そのままカウンターの蹴りをお見舞いされて、地面に転がった。


「惜しかったな」

「……まだ、これからだ」


 ジェイクが地面に両手を付く。


 するとマサムネの足元に水色の魔法陣が展開された。


「何?」

「遅い!」


 魔法陣から水が噴き出したかと思うと、一瞬にして氷へと凝固する。


「今だ、行けよシアメイ! ぶん殴るんだろ?」


 シアメイの目の前には、氷によって顔以外のほとんどの動きを封じられたマサムネがいた。


その姿を見て、彼女は急いで走り出す。


「見直したよ、ジェイク君!」


 全身の気を右手に集束する。

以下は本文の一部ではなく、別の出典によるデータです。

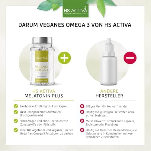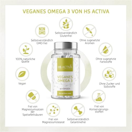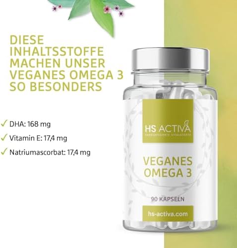HS Activa Omega 3 Kapseln vegan – Hochdosierte 90 Algenöl-Kapseln für gesunde Ernährung – Geschmacksneutral & ohne ZusätHS Activa Omega 3 Kapseln vegan – Hochdosierte 90 Algenöl-Kapseln für gesunde Ernährung – Geschmacksneutral & ohne Zusät

思いっきり振りかぶり、マサムネの頬めがけて拳を振るった。


 勝ちを確信したその瞬間。


 氷が砕け、シアメイの目の前からマサムネの姿が消える。


「――え?」


 ずしんと、腹部に衝撃が走る。


 視線を落とすと、マサムネの木刀が腹部に直撃していた。


 ゆっくりと視界が薄れ、全身の力が抜けていく。


 倒れる瞬間、ティアの声が聴こえた気がした。